Klobuchar’s legislation with Senator John Thune (R-SD) to better address future propane and heating fuel shortages was signed into law this summer. The Senators’ legislation allows governors greater autonomy when they declare emergencies, eliminating the need for the Federal Motor Carrier Safety Administration (FMCSA) to declare that a disaster exists beyond the existing 30-day declarations that are available to governors. The legislation also requires the Energy Information Administration to provide early warnings to governors if the inventory of residential heating fuel (propane, natural gas, and home heating oil) falls below the most recent five-year average for more than three consecutive weeks.

Fighting the spread of invasive carp

This spring, Klobuchar’s bipartisan provision to keep invasive carp out of Minnesota’s waterways was signed into law as part of the Water Resources Reform and Development Act (WRRDA). It will help fight the spread of invasive carp – also known as Asian carp – by closing the Upper St. Anthony Falls Lock within one year. The bill was led by Senator Klobuchar in the Senate and Representative Keith Ellison in the House, and cosponsored by Senator Al Franken as well as Representatives Erik Paulsen, Tim Walz, and Rick Nolan.

Improving breast cancer awareness

Klobuchar’s legislation with Senator David Vitter (R-LA) and Rep. Debbie Wasserman Schultz (D-FL) to increase breast cancer awareness among young women across the country passed this month. The bipartisan bill will extend the EARLY Act (Breast Health Education and Awareness Requires Learning Young Act), which created an education and outreach campaign administered by the Centers for Disease Control and Prevention (CDC) to highlight the breast cancer risks facing young women and empower young women with the tools they need to fight the disease.

Cutting red tape for families who adopt abroad

Klobuchar passed bipartisan legislation she introduced with Senator Roy Blunt (R-MO) to help families who adopt abroad correct errors to birth certificates. Previously U.S. Citizenship and Immigration Services (USCIS) would not recognize state court orders to amend a child’s birth date, forcing families to seek a correction from the adoptee’s country of birth or have two official birth dates for their adopted child.
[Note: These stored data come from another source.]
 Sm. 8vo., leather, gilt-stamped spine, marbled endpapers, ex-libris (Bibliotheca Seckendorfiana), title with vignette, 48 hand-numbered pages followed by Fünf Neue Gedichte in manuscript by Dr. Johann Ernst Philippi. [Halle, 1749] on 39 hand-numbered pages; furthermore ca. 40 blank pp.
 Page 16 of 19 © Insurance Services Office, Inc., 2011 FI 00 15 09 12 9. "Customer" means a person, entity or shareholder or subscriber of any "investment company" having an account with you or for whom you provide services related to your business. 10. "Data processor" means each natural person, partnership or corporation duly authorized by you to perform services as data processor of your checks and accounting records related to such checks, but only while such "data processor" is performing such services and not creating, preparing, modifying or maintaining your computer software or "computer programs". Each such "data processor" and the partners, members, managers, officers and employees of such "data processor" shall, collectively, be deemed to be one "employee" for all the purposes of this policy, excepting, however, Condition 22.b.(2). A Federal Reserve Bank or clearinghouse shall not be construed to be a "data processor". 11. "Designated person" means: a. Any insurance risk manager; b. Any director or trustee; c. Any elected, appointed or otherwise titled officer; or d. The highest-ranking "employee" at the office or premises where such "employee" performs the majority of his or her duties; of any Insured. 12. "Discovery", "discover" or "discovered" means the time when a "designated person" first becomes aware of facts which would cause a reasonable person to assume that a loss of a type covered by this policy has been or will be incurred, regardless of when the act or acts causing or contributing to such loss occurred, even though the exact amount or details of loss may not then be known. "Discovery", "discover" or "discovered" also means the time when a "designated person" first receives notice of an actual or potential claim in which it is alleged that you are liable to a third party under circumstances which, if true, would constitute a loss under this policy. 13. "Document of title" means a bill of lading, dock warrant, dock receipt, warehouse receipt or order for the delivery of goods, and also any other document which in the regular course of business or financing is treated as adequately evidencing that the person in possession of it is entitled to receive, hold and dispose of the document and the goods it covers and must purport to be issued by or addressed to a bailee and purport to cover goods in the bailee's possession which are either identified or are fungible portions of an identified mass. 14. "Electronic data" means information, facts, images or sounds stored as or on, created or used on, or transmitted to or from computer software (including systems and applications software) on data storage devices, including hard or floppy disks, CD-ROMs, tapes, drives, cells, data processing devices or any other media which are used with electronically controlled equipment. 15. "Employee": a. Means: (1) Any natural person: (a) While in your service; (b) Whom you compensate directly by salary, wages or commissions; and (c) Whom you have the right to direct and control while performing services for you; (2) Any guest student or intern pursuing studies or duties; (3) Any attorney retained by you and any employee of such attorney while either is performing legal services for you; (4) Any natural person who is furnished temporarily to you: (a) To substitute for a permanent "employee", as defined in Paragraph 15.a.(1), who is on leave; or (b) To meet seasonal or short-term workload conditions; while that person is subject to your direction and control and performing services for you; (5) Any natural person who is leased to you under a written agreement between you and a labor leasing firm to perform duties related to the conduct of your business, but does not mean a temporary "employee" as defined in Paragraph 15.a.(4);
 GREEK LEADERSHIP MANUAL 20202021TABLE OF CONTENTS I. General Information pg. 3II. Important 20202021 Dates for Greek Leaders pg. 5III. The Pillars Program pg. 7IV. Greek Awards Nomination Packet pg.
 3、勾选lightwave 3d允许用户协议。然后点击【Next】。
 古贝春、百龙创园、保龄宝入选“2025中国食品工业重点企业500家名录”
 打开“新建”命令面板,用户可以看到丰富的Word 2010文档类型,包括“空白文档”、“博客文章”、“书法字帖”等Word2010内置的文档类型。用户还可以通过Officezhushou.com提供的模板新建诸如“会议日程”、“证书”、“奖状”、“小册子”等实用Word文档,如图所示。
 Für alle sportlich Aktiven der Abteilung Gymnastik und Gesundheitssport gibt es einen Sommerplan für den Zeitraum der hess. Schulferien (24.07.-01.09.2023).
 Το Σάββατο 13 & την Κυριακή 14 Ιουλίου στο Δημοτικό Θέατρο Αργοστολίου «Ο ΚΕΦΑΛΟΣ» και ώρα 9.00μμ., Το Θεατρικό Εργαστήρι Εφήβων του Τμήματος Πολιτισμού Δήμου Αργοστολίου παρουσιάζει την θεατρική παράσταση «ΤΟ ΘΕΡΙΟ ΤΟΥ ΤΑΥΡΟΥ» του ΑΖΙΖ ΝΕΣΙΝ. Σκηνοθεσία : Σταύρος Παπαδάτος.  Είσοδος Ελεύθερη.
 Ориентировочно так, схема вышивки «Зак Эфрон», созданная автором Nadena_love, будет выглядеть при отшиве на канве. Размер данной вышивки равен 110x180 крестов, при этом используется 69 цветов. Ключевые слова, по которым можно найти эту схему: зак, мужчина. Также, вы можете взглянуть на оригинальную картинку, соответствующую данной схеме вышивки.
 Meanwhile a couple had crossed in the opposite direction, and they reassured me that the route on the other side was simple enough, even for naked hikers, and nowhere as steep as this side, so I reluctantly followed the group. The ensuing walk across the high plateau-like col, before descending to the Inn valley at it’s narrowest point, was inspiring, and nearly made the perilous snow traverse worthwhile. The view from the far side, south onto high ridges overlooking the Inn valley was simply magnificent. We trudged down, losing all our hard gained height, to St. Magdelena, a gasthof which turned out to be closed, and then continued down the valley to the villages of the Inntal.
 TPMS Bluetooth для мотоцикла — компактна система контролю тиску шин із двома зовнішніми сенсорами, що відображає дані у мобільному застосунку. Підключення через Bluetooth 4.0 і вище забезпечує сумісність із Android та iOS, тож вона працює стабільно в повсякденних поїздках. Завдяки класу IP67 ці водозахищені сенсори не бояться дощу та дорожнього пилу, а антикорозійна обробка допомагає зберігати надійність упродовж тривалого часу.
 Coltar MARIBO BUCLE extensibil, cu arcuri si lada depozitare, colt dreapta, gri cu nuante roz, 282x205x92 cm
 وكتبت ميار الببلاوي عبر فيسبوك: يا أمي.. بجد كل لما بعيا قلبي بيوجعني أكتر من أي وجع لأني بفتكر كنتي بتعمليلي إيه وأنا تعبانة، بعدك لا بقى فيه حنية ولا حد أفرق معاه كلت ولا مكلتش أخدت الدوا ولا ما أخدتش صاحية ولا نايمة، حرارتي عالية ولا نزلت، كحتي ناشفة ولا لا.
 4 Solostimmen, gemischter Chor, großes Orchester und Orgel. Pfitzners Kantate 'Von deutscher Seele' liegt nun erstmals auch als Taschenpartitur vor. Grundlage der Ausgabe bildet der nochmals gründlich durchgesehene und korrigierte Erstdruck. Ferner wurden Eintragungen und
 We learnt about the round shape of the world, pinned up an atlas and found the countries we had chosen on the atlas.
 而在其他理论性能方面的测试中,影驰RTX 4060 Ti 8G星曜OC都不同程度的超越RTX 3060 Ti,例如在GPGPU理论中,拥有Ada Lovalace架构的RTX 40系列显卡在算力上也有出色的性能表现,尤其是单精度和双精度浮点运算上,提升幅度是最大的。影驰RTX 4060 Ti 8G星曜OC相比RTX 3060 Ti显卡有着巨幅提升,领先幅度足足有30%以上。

The Accuracy for Adoptees Act authorizes USCIS to recognize state court orders and cut red tape for adoptive families.

Boosting tourism to Minnesota and the U.S.

Klobuchar worked with Senator Roy Blunt (R-MO) to pass bipartisan legislation they introduced to reauthorize Brand USA and help boost international tourism to the United States. The Senators’ legislation reauthorizes Brand USA, a public-private partnership that enhances tourism in Minnesota and across the country by promoting international travel to the United States. In 2013, Brand USA generated 1.1 million additional international visitors who spent an estimated $3.4 billion, strengthening local businesses and stimulating economic growth.

Improving the lives of patients with muscular dystrophy

Klobuchar introduced and passed bipartisan legislation with Senator Roger Wicker (R-MS) to help improve the lives of patients with muscular dystrophy. The Senators’ legislation will update and improve current law, the Paul D. Wellstone Muscular Dystrophy Community Assistance, Research & Education (MD CARE) Act, which supports medical research and policies to improve treatments and quality of life for muscular dystrophy patients.

Giving farmers a voice in EPA decisions

The 2014 Farm Bill included a provision Klobuchar pushed for to give farmers a greater say over regulations affecting agriculture. The provision is similar to legislation Klobuchar introduced to increase agriculture’s presence on the Environmental Protection Agency’s (EPA) Science Advisory Board and creates a new Agriculture standing committee on the Science Advisory Board. The new standing committee will provide scientific advice on decisions that have a major impact on agriculture, as well as provide testimony to congressional committees when needed.